Real cities, real gentrification: Manchester's old warehouse districts (e.g. around Ancoats) were converted from derelict mills into apartments, drawing young professionals back to the core.
London's former docklands and inner boroughs gentrified as finance jobs grew, raising land values sharply but pricing out many original residents.
Barcelona's El Raval and waterfront were regenerated around the 1992 Olympics, reviving the centre but raising tourism and housing-cost pressures.
How this is tested — the [10] markband essay: Paper 1 Option G ends with a 10-mark extended-response, marked on markbands. Recurring versions for this micro:
- Examine the positive urban changes brought by deindustrialisation (benefits are uneven). - To what extent has manufacturing decline delivered economic and social gains? - To what extent do centrifugal movements reshape residential areas (weigh centripetal too)? - Examine how economic and demographic processes drive gentrification.
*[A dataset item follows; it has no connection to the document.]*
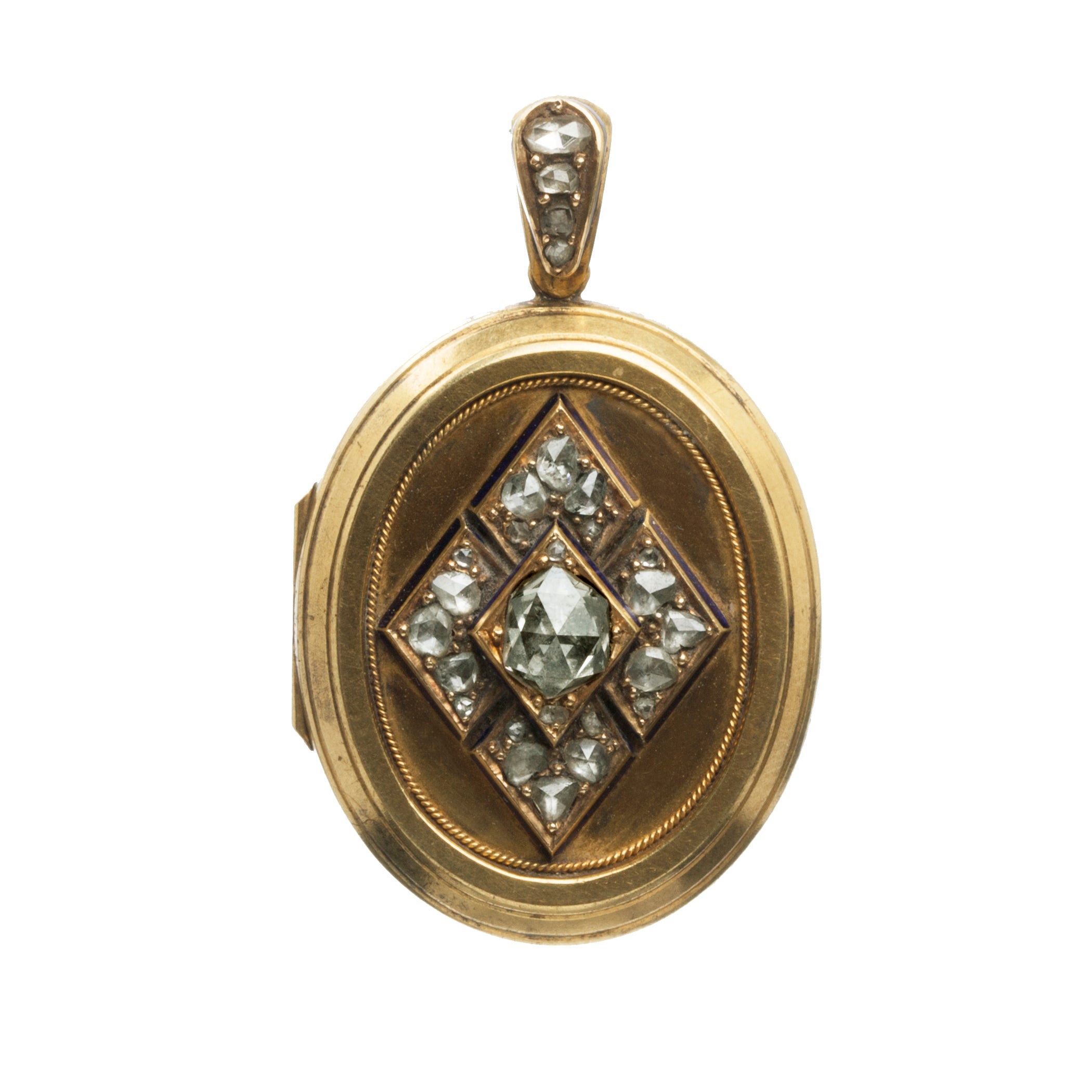 Victorian era locket with rose cut diamonds and blue enamel details, in 18k gold. Original glass still intact. The locket opens from a side hinge. English in Origin.

Top band needs: accurate terms, named cities, a balanced two-sided argument across places/scales, and a justified conclusion.
For the centrifugal-vs-centripetal essay: If the question is about centrifugal movements reshaping residential areas, you must still bring in centripetal movements (re-urbanisation, gentrification) to balance it — an answer that only covers one direction is capped mid-band. Trace suburbanisation and counter-urbanisation outwards, then gentrification pulling people and money back in.